There’s a pilot hostel in town with dorms. For more privacy, Fly in Arg rent rooms in their large house a little way out of town, bundled in with a shuttle service and local flying advice.

Take the family and rainy days
Mountain biking, river swimming, sunbathing, barbecue, beer, golf, horse riding, skydiving and microlighting.

Windguru and XCSkies work well enough, but don’t expect the same accuracy as in Europe or North America. The best sources are the local tandem pilots.

Getting there
La Cumbre is a 90-min drive from Córdoba city. You can get to Córdoba direct from Spain on Air Europe, or via Buenos Aires. If independent hire a car, because public transport will suck up hours of your life in Argentina.

Other places to hang with condors
Mina Clavero
: 10km from La Cumbre and site of a PWC in 2014. Launch is at 1,500m and landing is 1,200m. The site is set on a long ridge, so distances are relatively easy to make: choose flatlands or mountains rising to 2,800m. There are two nesting areas for condors nearby. One is 1km north with about 60 condors. The other is 15km behind, in a national park that supports the biggest community in South America. It’s home to 400 condors.

Puesto Pedernera: While the Mina Clavero take-off looks to the west, Puesto Pedernera is on the same spine looking to the east. The take-off is nicely contoured and gives easy soaring while you look for that first climb. Let the condors guide you south to La Cumbrecita, a village founded by German settlers that looks unmistakably alpine.

Merlo: The picturesque village of Merlo is in the neighbouring province of San Luis. It has the highest take-off in Argentina at 2,100m but there are four official launches at different altitudes up the side of the mountain. You can reach them all by car. The highest one is next to a tourist viewpoint and restaurant. The sky here is full of condors, and tandem pilots.

Famatina: 400km north of Cuchi Corral, Famatina in La Rioja province is a tiny village high in the desert mountains. Take-off is over a big valley venturi point, so there’s always a breeze, and by midday it can get blown out. Along the base of this ridge, 700m below, is the Pan-American highway (easy retrieves). You can fly twice a day: thermals from 10am; restitution in the evening.

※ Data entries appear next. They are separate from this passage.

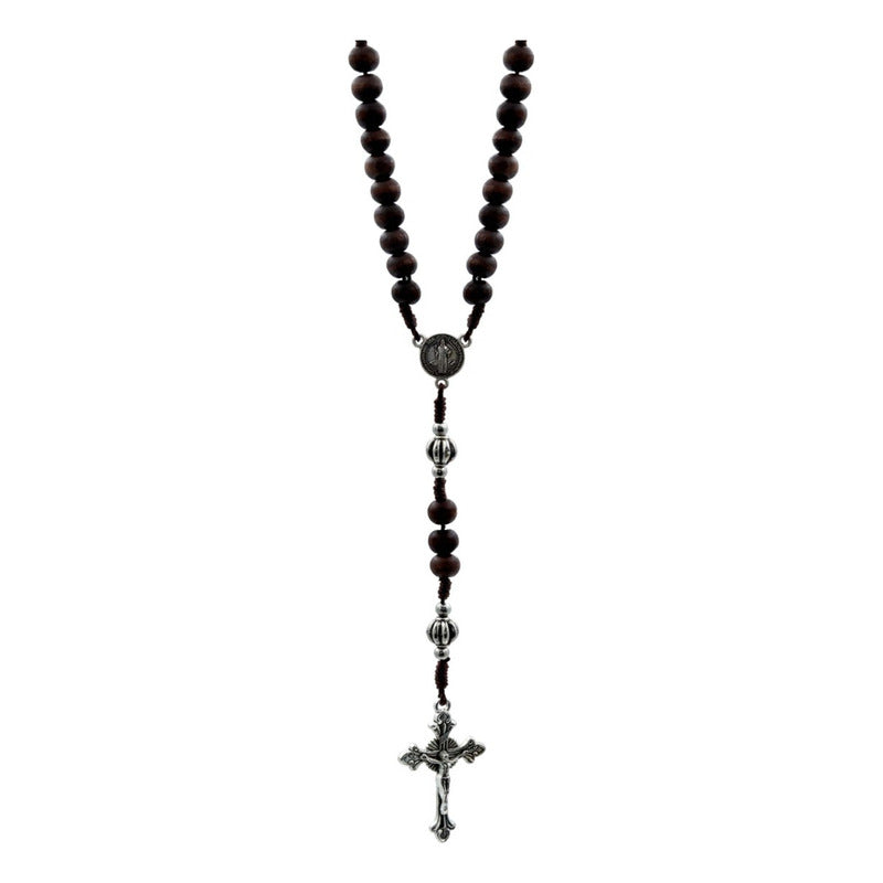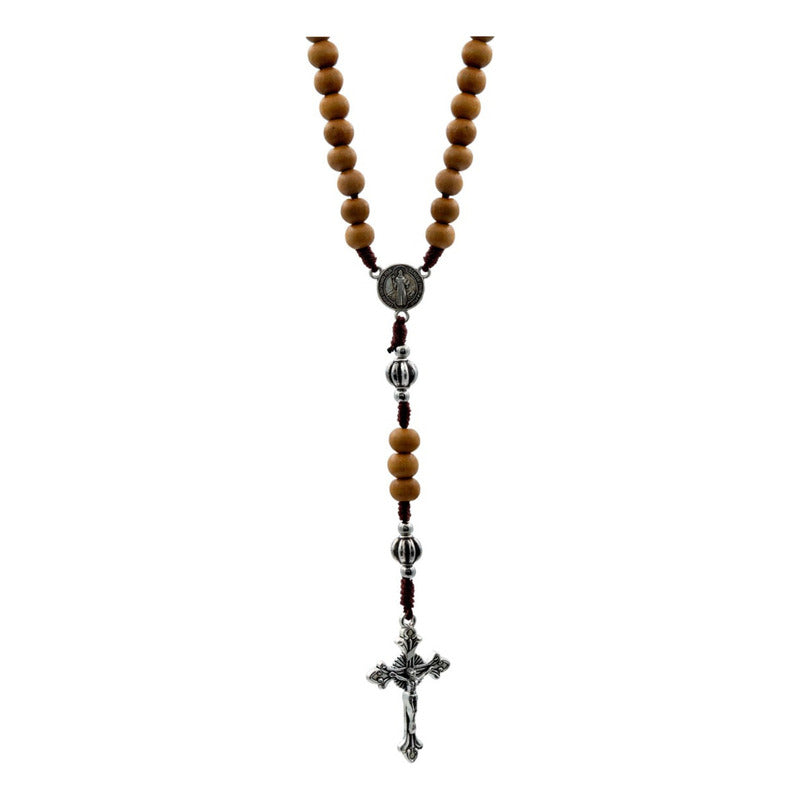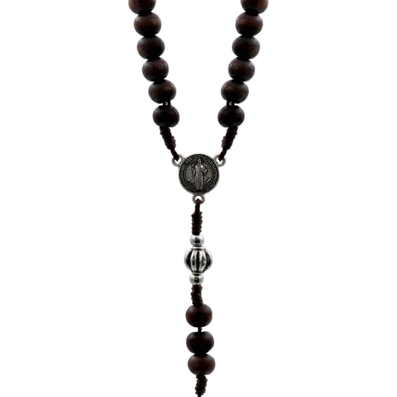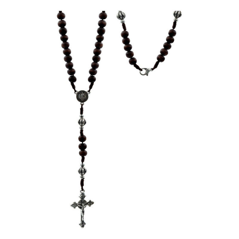 Rosario Católico Madera Con Metal San Benito Cristo Virgen
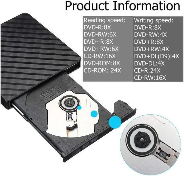 Wide Compatibility - This external DVD drive compatible with Windows XP / Win7 / Win8 / Win10, Linux, Mac OS system. Fit for laptops / desktops / Macbook without a internal drive. With this CD/DVD burner, you can watch DVD movies, install software, listen to music, burn files, burn movies to CD/DVD etc.
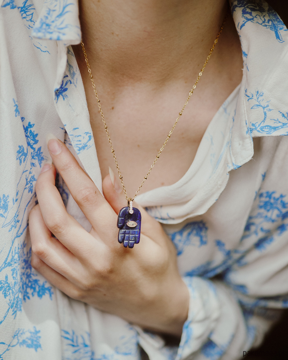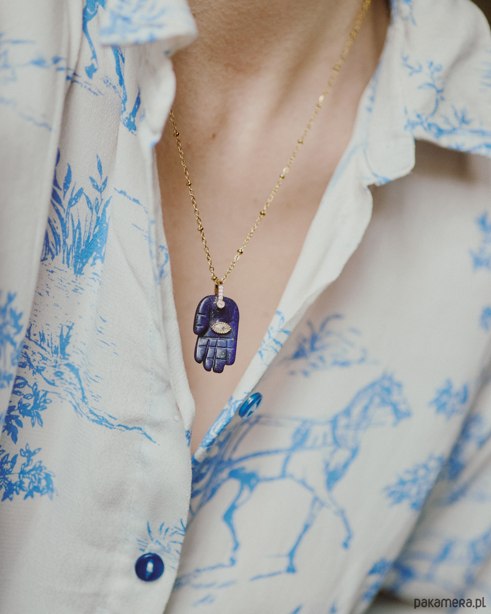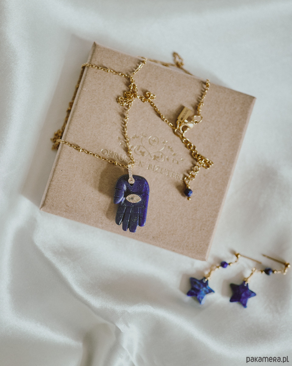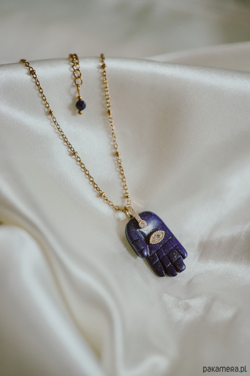 Długi naszyjnik z zawieszką z lapis lazuli w kształcie dłoni z oczkiem. Napełni użytkowniczkę pierwotną mocą 🧿

In a full moon pilots fly after sunset and land by the light of car headlights. As if that’s not magical enough, the birds fly late into the evening too.

Sick of condors? Thirty minutes from Córdoba city is the biggest paragliding school in Argentina, Escuela Voler. Their site is flyable most days of the year and even though it’s only 70m from top to bottom you can fly 80km back to Cuchi Corral from here. You won’t see any condors until you get away from Córdoba.